Data records:
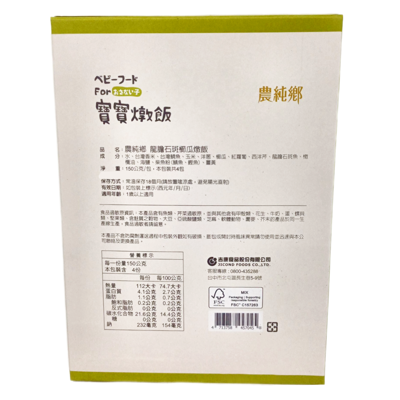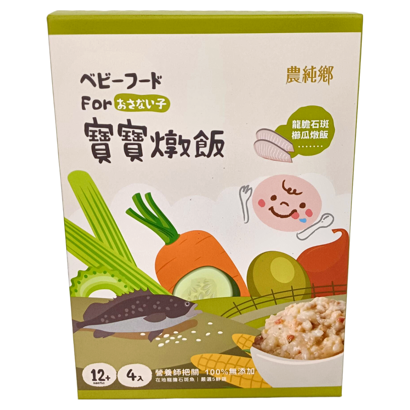 農純鄉龍膽石斑櫛瓜燉飯,為一歲以上寶寶提供美味又營養的餐點選擇。嚴選在地龍膽石斑魚,搭配新鮮櫛瓜等五種蔬菜,由營養師把關,確保寶寶攝取均衡營養。本產品無添加人工色素、香料及防腐劑,讓寶寶吃得安心,媽媽放心。每盒包含四份150克的燉飯,方便忙碌的家長隨時為寶寶準備健康的一餐。簡單加熱即可食用,省時又方便,是寶寶離乳期的理想選擇。
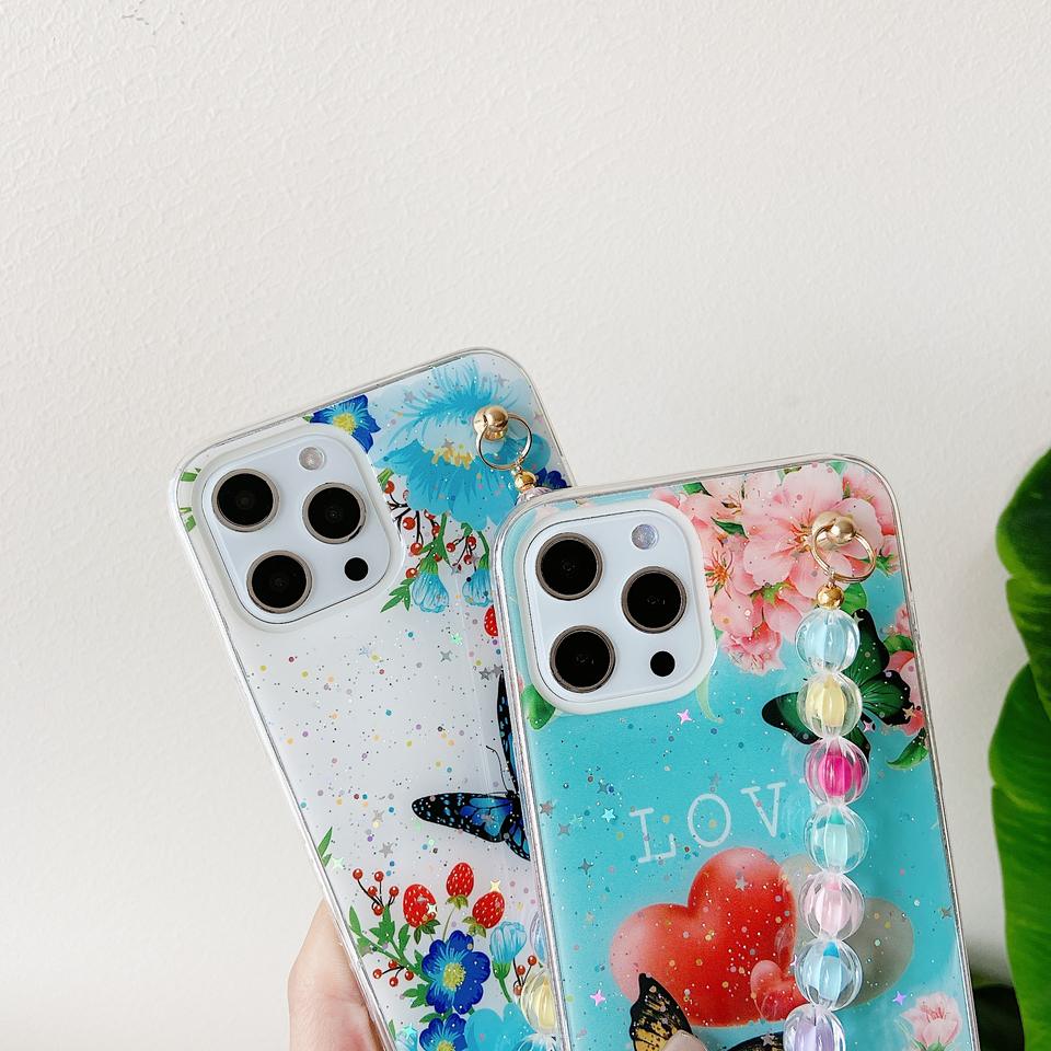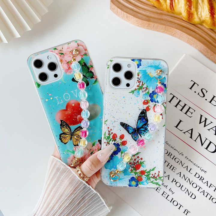 Funda para Teléfono Móvil A17 con Diseño de Cadena, Material TPU, Patrón de Flores de Dibujos Animados, Anillo Protector Antigolpes, Protector de Cámara UV
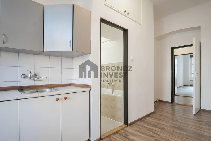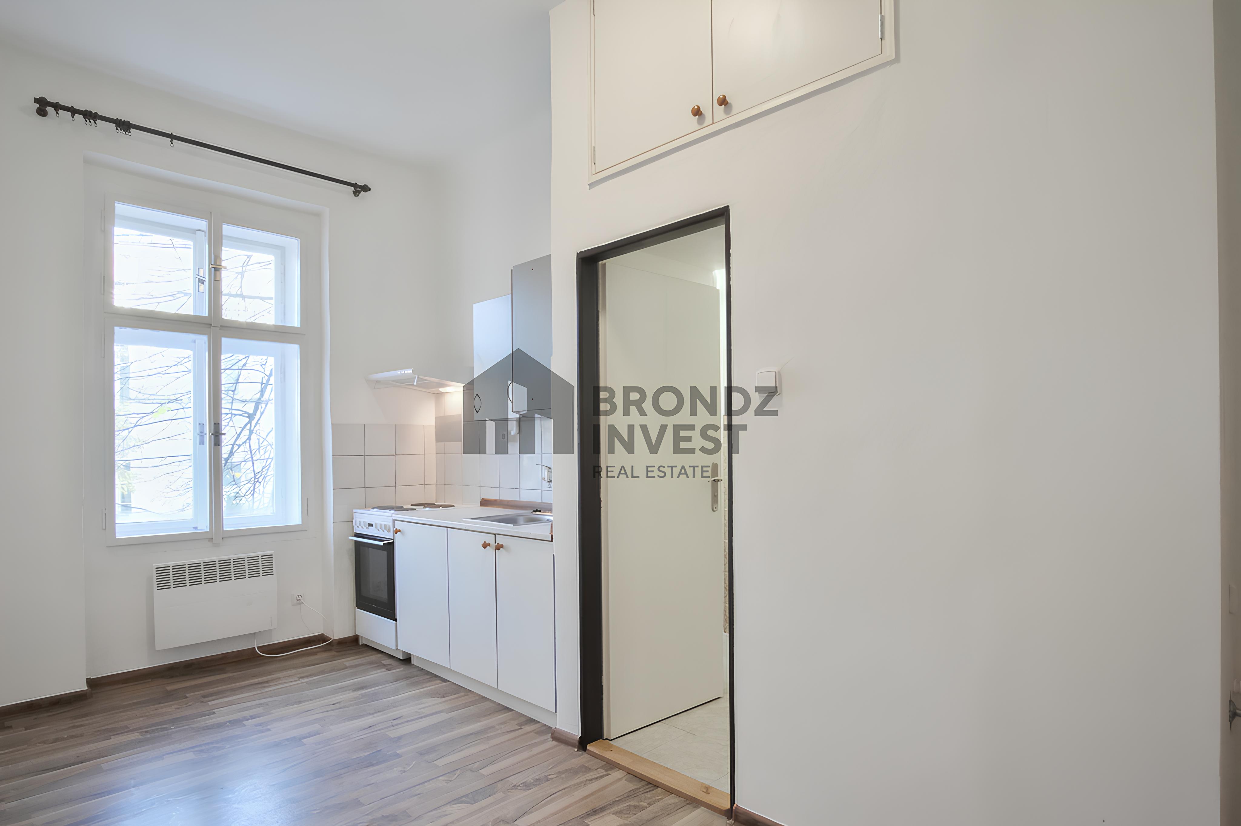We offer for rent a bright 1+1 apartment, located on the 2nd floor of a brick building in the attractive area of Prague 3 - Žižkov.
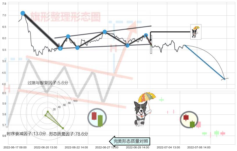 ➢ 【卖1】: 激进型 卖点→(07-05:13: 5.74 )形成突破升⚑旗形【整理】形态
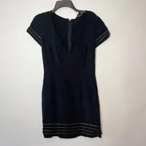 Jay Godfrey Womens Short Sleeve Mini Sheath Dress Black 8 V-Neck Zipper Trimmed
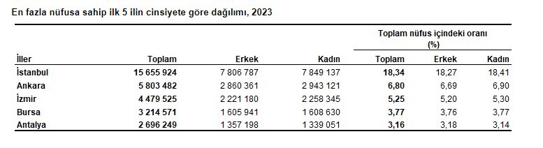 İstanbul’un nüfusu, bir önceki yıla göre 252 bin 27 kişi azalarak 15 milyon 655 bin 924 kişi oldu. Türkiye nüfusunun yüzde 18,34’ünün ikamet ettiği İstanbul’u, 5 milyon 803 bin 482 kişi ile Ankara, 4 milyon 479 bin 525 kişi ile İzmir, 3 milyon 214 bin 571 kişi ile Bursa ve 2 milyon 696 bin 249 kişi ile Antalya izledi.
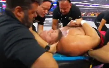 After the match, Claudio Castagnoli wrapped a chair around Samoa Joe’s leg and stomped on it, leaving Joe completely taken out and in pain. Fans were in shock as medical personnel checked on Samoa Joe. Afterwards Samoa Joe was being stretchered out as fans were incredibly worried for his well-being.
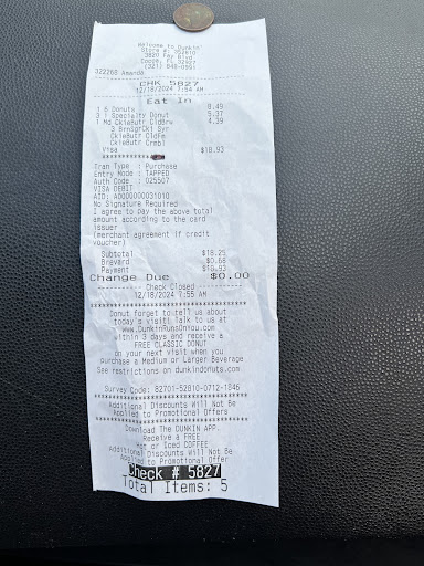Read moreWhen you go into this place make sure you ask and check your total in your receipt because they will over charge you and they wonât do anything about it if you donât pay attention and if you do pay attention and bring it up to them on the why you being charged that amount they will give you an attitude about it like how dare you !!! We went in and got a ckiebutr cold brew for my wife and some donuts for the kids. So she orders half a dozen donuts and 1 cookie crumble 2 glazed and 3 grinch one that they have for the holidays welll she doesnât tell us that those arenât included on the half dozen. And she put them in a box gives us the total and charge us for half dozen $8.49 and another charge for 3 specialty (which she messed up the icing ) for another charge of $5.37 she gives us 3 regular donuts charges us for half dozen and then 3 specialty donuts for extra 5.37 she over charge us about 4$ dollars more than she should have and only give us half of the donuts she charged us for and she got an attitude about it when my wife ask why was that extra charge if we didnât even get that she say I can give you the other 3 donuts to make that half dozen (that she had already charged us for ) and she literally threw 3 donuts in a bag and put it in the counter with out saying a word like we magically supposed to know is for us . and the âcold brew drink â đđ it sucked it looked like they scrambled it up and put it in a cup with hate not even tried to make it look Ook or somewhat good tasted terrible over all it was a waste of $18.93 that is shouldâve gone and spend it else where instead of this so called âDunkinââ soo remember people next time you go to the Dunkin donut in port St. John cocoa fl 32927 make sure you check your charges before you leave and always ask for your recipes to see what you being charged for. Amanda is her name by the way sheâs terrible with customers and a bad attitude problem (see for...
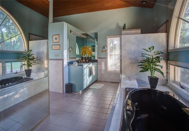 - Master bath with custom surfaces, Roman tub, palladian window
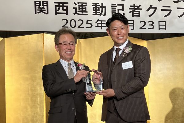 この度、関西運動記者クラブ選定「第69回 関西スポーツ賞」の団体賞を阪神タイガースが受賞し、23日(火)、大阪市内で行われた表彰式に粟井一夫球団社長が出席しました。また、今シーズン限りで引退した原口文仁氏は功労賞を受賞されました。
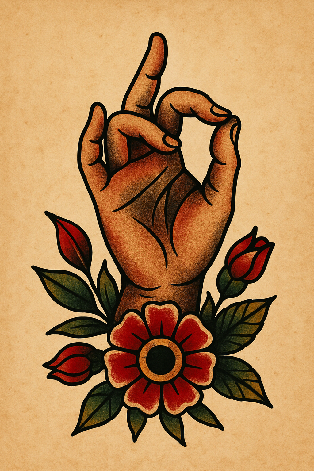 This image features a stylized hand making an 'OK' gesture, surrounded by vibrant flowers and leaves. It has a vintage aesthetic, ideal for tattoo art or illustrative designs.
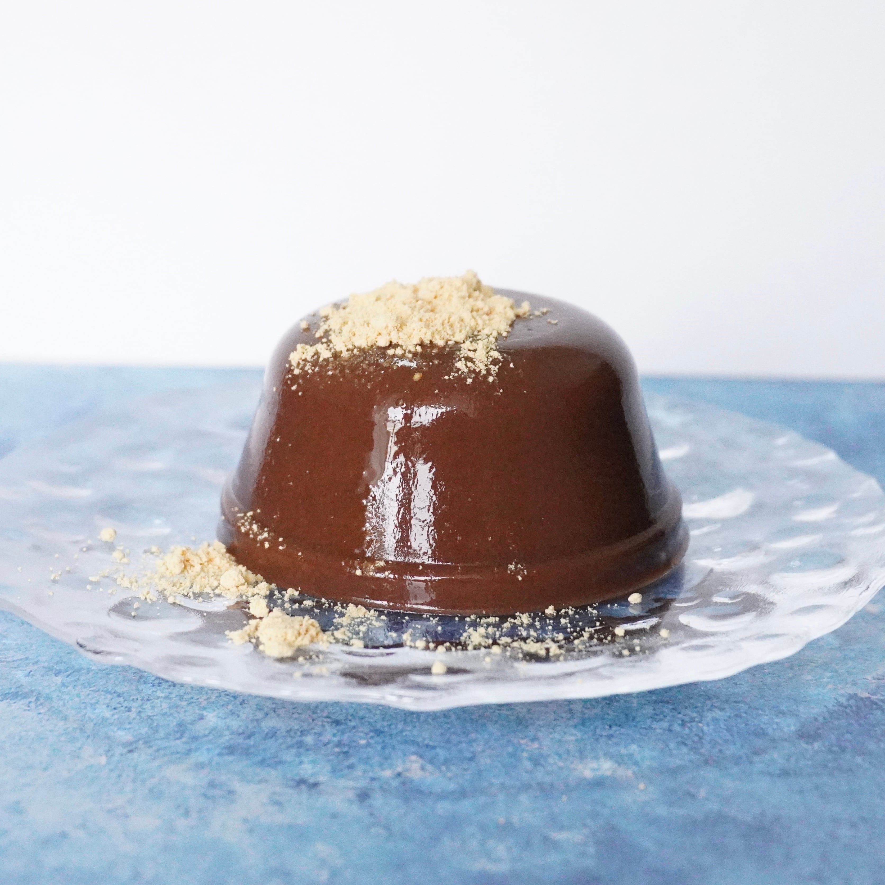 本わらび粉とはす粉を使ったリッチな口当たりのわらび餅に、溶かしたチョコレートを練り込んで風味づけしました。
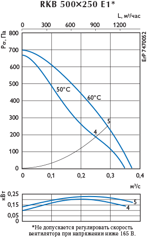 температура перемещаемого воздуха составляет у RKB 500x250 E1 – 50°С. |

Task goal: When you retype the data above, match every line exactly and leave the pictures behind.

Response to the exercise:
 農純鄉龍膽石斑櫛瓜燉飯,為一歲以上寶寶提供美味又營養的餐點選擇。嚴選在地龍膽石斑魚,搭配新鮮櫛瓜等五種蔬菜,由營養師把關,確保寶寶攝取均衡營養。本產品無添加人工色素、香料及防腐劑,讓寶寶吃得安心,媽媽放心。每盒包含四份150克的燉飯,方便忙碌的家長隨時為寶寶準備健康的一餐。簡單加熱即可食用,省時又方便,是寶寶離乳期的理想選擇。
 Funda para Teléfono Móvil A17 con Diseño de Cadena, Material TPU, Patrón de Flores de Dibujos Animados, Anillo Protector Antigolpes, Protector de Cámara UV
We offer for rent a bright 1+1 apartment, located on the 2nd floor of a brick building in the attractive area of Prague 3 - Žižkov.
 ➢ 【卖1】: 激进型 卖点→(07-05:13: 5.74 )形成突破升⚑旗形【整理】形态
 Jay Godfrey Womens Short Sleeve Mini Sheath Dress Black 8 V-Neck Zipper Trimmed
 İstanbul’un nüfusu, bir önceki yıla göre 252 bin 27 kişi azalarak 15 milyon 655 bin 924 kişi oldu. Türkiye nüfusunun yüzde 18,34’ünün ikamet ettiği İstanbul’u, 5 milyon 803 bin 482 kişi ile Ankara, 4 milyon 479 bin 525 kişi ile İzmir, 3 milyon 214 bin 571 kişi ile Bursa ve 2 milyon 696 bin 249 kişi ile Antalya izledi.
 After the match, Claudio Castagnoli wrapped a chair around Samoa Joe’s leg and stomped on it, leaving Joe completely taken out and in pain. Fans were in shock as medical personnel checked on Samoa Joe. Afterwards Samoa Joe was being stretchered out as fans were incredibly worried for his well-being.
Read moreWhen you go into this place make sure you ask and check your total in your receipt because they will over charge you and they wonât do anything about it if you donât pay attention and if you do pay attention and bring it up to them on the why you being charged that amount they will give you an attitude about it like how dare you !!! We went in and got a ckiebutr cold brew for my wife and some donuts for the kids. So she orders half a dozen donuts and 1 cookie crumble 2 glazed and 3 grinch one that they have for the holidays welll she doesnât tell us that those arenât included on the half dozen. And she put them in a box gives us the total and charge us for half dozen $8.49 and another charge for 3 specialty (which she messed up the icing ) for another charge of $5.37 she gives us 3 regular donuts charges us for half dozen and then 3 specialty donuts for extra 5.37 she over charge us about 4$ dollars more than she should have and only give us half of the donuts she charged us for and she got an attitude about it when my wife ask why was that extra charge if we didnât even get that she say I can give you the other 3 donuts to make that half dozen (that she had already charged us for ) and she literally threw 3 donuts in a bag and put it in the counter with out saying a word like we magically supposed to know is for us . and the âcold brew drink â đđ it sucked it looked like they scrambled it up and put it in a cup with hate not even tried to make it look Ook or somewhat good tasted terrible over all it was a waste of $18.93 that is shouldâve gone and spend it else where instead of this so called âDunkinââ soo remember people next time you go to the Dunkin donut in port St. John cocoa fl 32927 make sure you check your charges before you leave and always ask for your recipes to see what you being charged for. Amanda is her name by the way sheâs terrible with customers and a bad attitude problem (see for...
 - Master bath with custom surfaces, Roman tub, palladian window
 この度、関西運動記者クラブ選定「第69回 関西スポーツ賞」の団体賞を阪神タイガースが受賞し、23日(火)、大阪市内で行われた表彰式に粟井一夫球団社長が出席しました。また、今シーズン限りで引退した原口文仁氏は功労賞を受賞されました。
 This image features a stylized hand making an 'OK' gesture, surrounded by vibrant flowers and leaves. It has a vintage aesthetic, ideal for tattoo art or illustrative designs.
 本わらび粉とはす粉を使ったリッチな口当たりのわらび餅に、溶かしたチョコレートを練り込んで風味づけしました。
 температура перемещаемого воздуха составляет у RKB 500x250 E1 – 50°С. |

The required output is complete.